# TASK REQUIREMENTS
Transcribe the entries below exactly; leave every image out.

----- DATA EXCERPTS -----

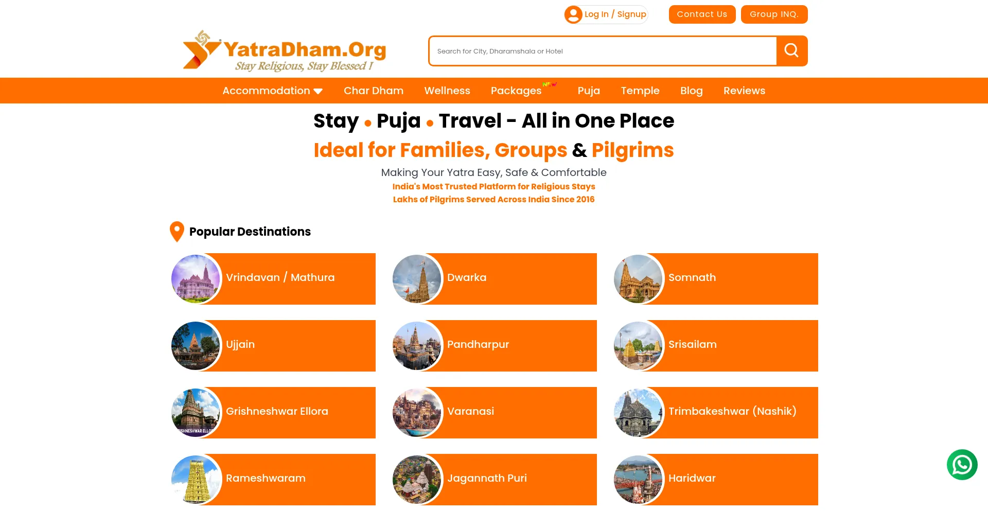 YatraDham.Org | Room Booking of Dharamshala, Ashram and Temple Accommodation
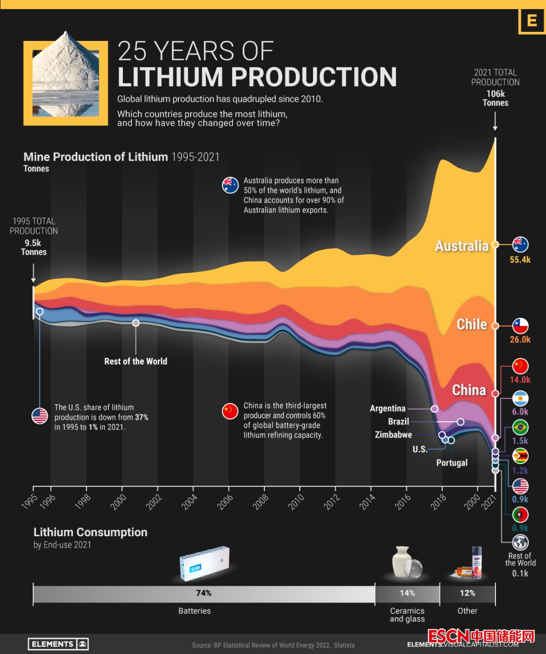 下圖是visualcapitalist根據(jù) BP 的《世界能源統(tǒng)計評論》中的數(shù)據(jù),繪制了 1995 年至 2021 年各國家超過 25 年的鋰產(chǎn)量圖表。
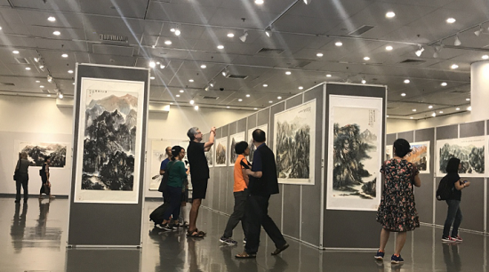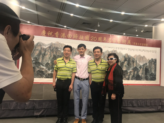 盛怀杰介绍,场中最大的一幅山水作品,描绘的是一条龙脉,其寓意着内地与香港的一脉相承,祝愿两地的未来兴盛和谐。
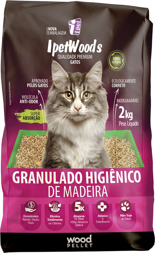 Este pacote contém 2kg de granulado de madeira da marca Ipet Woods. A composição é 100% natural, derivada de madeira de pinus. O uso é indicado para felinos de todos os portes e idades, além de roedores e coelhos.
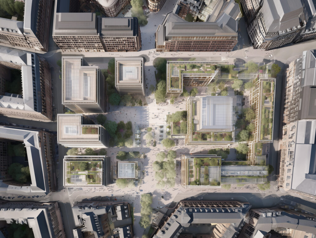 The master plan for One Embankment Place was conceived as a piece of urban infrastructure as much as a workplace. T&V Architects organised the complex around a generous public realm — a sequence of landscaped courts and active frontages that animate the surrounding streets while providing the campus with a coherent civic identity.
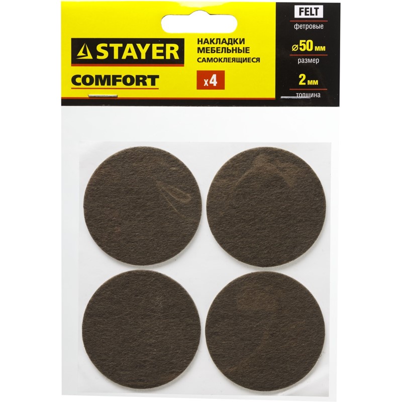 Накладки STAYER "COMFORT" на мебельные ножки, самоклеящиеся, фетровые, коричневые, круглые - диаметр 50 мм, 4 шт
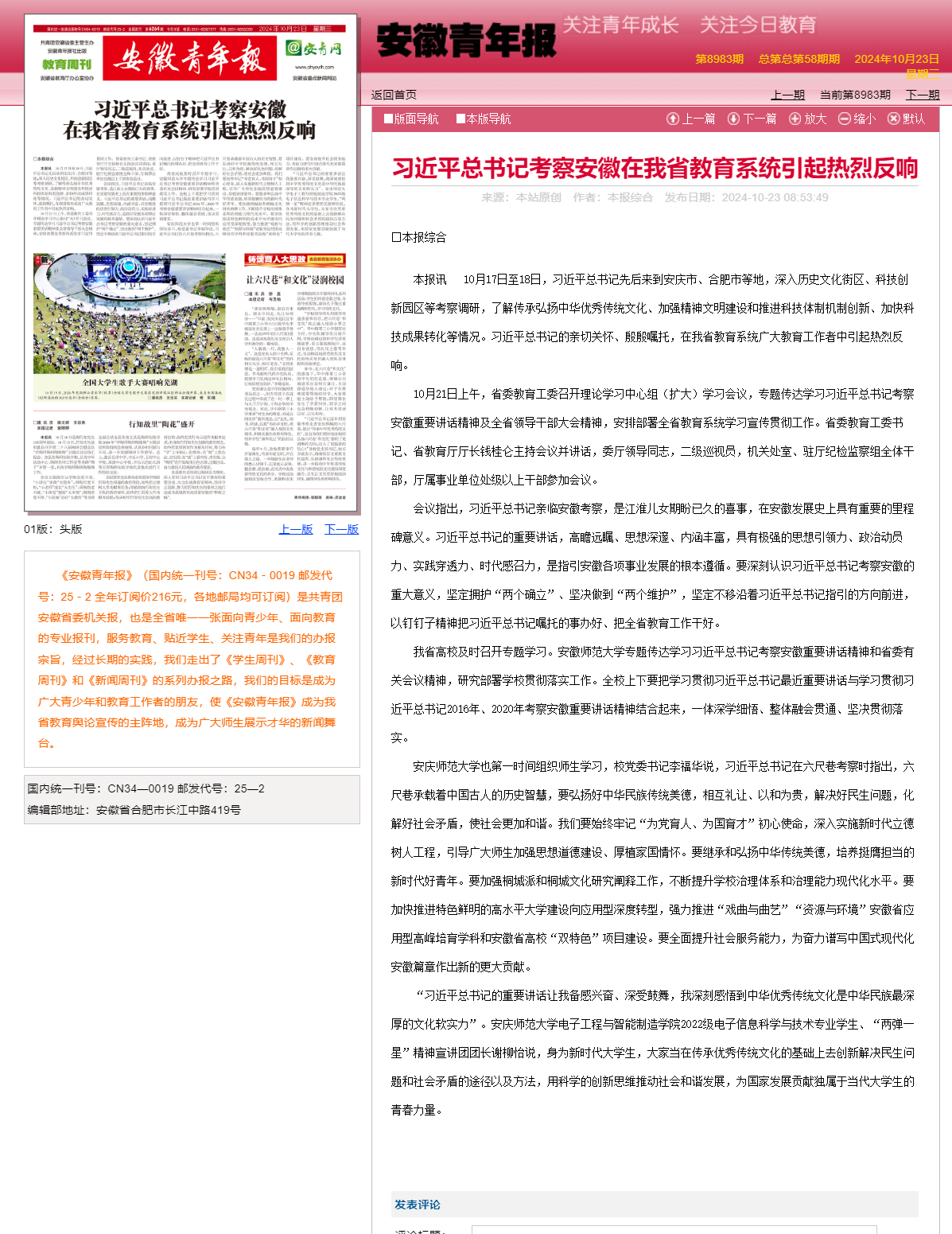 10月17日至18日,习近平总书记先后来到安庆市、合肥市等地,深入历史文化街区、科技创新园区等考察调研,了解传承弘扬中华优秀传统文化、加强精神文明建设和推进科技体制机制创新、加快科技成果转化等情况。习近平总书记的亲切关怀、殷殷嘱托,在我省教育系统广大教育工作者中引起热烈反响。

-----

# EXPECTED ANSWER
 YatraDham.Org | Room Booking of Dharamshala, Ashram and Temple Accommodation
 下圖是visualcapitalist根據(jù) BP 的《世界能源統(tǒng)計評論》中的數(shù)據(jù),繪制了 1995 年至 2021 年各國家超過 25 年的鋰產(chǎn)量圖表。
 盛怀杰介绍,场中最大的一幅山水作品,描绘的是一条龙脉,其寓意着内地与香港的一脉相承,祝愿两地的未来兴盛和谐。
 Este pacote contém 2kg de granulado de madeira da marca Ipet Woods. A composição é 100% natural, derivada de madeira de pinus. O uso é indicado para felinos de todos os portes e idades, além de roedores e coelhos.
 The master plan for One Embankment Place was conceived as a piece of urban infrastructure as much as a workplace. T&V Architects organised the complex around a generous public realm — a sequence of landscaped courts and active frontages that animate the surrounding streets while providing the campus with a coherent civic identity.
 Накладки STAYER "COMFORT" на мебельные ножки, самоклеящиеся, фетровые, коричневые, круглые - диаметр 50 мм, 4 шт
 10月17日至18日,习近平总书记先后来到安庆市、合肥市等地,深入历史文化街区、科技创新园区等考察调研,了解传承弘扬中华优秀传统文化、加强精神文明建设和推进科技体制机制创新、加快科技成果转化等情况。习近平总书记的亲切关怀、殷殷嘱托,在我省教育系统广大教育工作者中引起热烈反响。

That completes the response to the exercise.